> [Exercise]: Of the entries below, return exactly those lines that fall between the one containing "Пустельга во время" and the one containing "Hand painted acrylic", the two end lines included.

> [Given data]:
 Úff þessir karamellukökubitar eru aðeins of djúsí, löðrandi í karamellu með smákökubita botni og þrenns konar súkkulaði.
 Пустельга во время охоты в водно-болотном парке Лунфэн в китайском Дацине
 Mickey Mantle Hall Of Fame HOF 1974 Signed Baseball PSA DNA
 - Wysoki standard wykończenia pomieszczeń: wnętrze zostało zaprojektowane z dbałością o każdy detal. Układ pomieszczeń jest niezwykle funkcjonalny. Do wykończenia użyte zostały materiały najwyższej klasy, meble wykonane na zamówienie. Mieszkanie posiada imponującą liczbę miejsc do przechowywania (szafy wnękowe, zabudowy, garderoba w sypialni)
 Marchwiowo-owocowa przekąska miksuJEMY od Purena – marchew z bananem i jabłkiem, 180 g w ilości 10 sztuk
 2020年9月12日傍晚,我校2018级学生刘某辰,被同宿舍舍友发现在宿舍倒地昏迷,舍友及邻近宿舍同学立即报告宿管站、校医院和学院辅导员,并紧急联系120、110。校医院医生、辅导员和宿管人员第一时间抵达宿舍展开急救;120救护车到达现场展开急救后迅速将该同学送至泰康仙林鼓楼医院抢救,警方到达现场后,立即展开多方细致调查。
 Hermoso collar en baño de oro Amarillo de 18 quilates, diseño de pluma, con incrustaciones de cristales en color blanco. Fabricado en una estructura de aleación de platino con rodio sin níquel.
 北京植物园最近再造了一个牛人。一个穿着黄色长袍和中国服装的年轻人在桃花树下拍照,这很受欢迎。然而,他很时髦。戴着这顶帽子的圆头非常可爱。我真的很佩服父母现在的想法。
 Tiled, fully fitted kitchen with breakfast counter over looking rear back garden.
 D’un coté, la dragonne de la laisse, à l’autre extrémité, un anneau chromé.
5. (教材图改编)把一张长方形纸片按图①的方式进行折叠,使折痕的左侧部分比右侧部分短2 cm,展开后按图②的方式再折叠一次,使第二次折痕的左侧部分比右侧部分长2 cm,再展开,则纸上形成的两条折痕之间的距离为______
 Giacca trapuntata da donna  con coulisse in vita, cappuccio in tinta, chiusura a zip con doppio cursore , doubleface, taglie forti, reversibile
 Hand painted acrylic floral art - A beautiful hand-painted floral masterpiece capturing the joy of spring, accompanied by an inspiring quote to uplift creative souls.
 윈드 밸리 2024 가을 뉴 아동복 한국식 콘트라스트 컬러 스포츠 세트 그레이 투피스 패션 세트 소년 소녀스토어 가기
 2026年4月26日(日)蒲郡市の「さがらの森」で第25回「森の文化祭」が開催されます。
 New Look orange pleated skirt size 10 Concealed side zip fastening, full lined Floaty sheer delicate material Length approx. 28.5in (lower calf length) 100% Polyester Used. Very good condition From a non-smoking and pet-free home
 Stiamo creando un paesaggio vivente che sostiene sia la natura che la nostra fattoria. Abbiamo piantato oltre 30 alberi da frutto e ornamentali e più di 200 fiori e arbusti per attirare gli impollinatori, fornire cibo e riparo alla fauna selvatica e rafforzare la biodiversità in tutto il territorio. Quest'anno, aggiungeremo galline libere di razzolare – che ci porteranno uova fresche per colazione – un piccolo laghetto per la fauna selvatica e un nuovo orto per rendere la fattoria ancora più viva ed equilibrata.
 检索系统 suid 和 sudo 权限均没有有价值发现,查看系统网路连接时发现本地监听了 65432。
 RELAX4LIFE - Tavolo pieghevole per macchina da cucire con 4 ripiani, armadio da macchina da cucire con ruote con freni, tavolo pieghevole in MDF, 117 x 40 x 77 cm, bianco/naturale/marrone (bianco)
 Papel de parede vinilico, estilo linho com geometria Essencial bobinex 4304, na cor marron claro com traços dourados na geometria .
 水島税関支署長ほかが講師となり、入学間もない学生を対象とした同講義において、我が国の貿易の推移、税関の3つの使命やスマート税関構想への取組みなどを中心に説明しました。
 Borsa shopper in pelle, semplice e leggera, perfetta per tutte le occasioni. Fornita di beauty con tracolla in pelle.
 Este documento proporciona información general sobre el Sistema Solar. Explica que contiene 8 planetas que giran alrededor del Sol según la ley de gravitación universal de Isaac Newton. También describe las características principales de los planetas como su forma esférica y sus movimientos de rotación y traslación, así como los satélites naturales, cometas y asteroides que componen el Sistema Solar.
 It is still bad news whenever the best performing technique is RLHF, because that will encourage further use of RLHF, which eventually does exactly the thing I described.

> [Solution]:
 Пустельга во время охоты в водно-болотном парке Лунфэн в китайском Дацине
 Mickey Mantle Hall Of Fame HOF 1974 Signed Baseball PSA DNA
 - Wysoki standard wykończenia pomieszczeń: wnętrze zostało zaprojektowane z dbałością o każdy detal. Układ pomieszczeń jest niezwykle funkcjonalny. Do wykończenia użyte zostały materiały najwyższej klasy, meble wykonane na zamówienie. Mieszkanie posiada imponującą liczbę miejsc do przechowywania (szafy wnękowe, zabudowy, garderoba w sypialni)
 Marchwiowo-owocowa przekąska miksuJEMY od Purena – marchew z bananem i jabłkiem, 180 g w ilości 10 sztuk
 2020年9月12日傍晚,我校2018级学生刘某辰,被同宿舍舍友发现在宿舍倒地昏迷,舍友及邻近宿舍同学立即报告宿管站、校医院和学院辅导员,并紧急联系120、110。校医院医生、辅导员和宿管人员第一时间抵达宿舍展开急救;120救护车到达现场展开急救后迅速将该同学送至泰康仙林鼓楼医院抢救,警方到达现场后,立即展开多方细致调查。
 Hermoso collar en baño de oro Amarillo de 18 quilates, diseño de pluma, con incrustaciones de cristales en color blanco. Fabricado en una estructura de aleación de platino con rodio sin níquel.
 北京植物园最近再造了一个牛人。一个穿着黄色长袍和中国服装的年轻人在桃花树下拍照,这很受欢迎。然而,他很时髦。戴着这顶帽子的圆头非常可爱。我真的很佩服父母现在的想法。
 Tiled, fully fitted kitchen with breakfast counter over looking rear back garden.
 D’un coté, la dragonne de la laisse, à l’autre extrémité, un anneau chromé.
5. (教材图改编)把一张长方形纸片按图①的方式进行折叠,使折痕的左侧部分比右侧部分短2 cm,展开后按图②的方式再折叠一次,使第二次折痕的左侧部分比右侧部分长2 cm,再展开,则纸上形成的两条折痕之间的距离为______
 Giacca trapuntata da donna  con coulisse in vita, cappuccio in tinta, chiusura a zip con doppio cursore , doubleface, taglie forti, reversibile
 Hand painted acrylic floral art - A beautiful hand-painted floral masterpiece capturing the joy of spring, accompanied by an inspiring quote to uplift creative souls.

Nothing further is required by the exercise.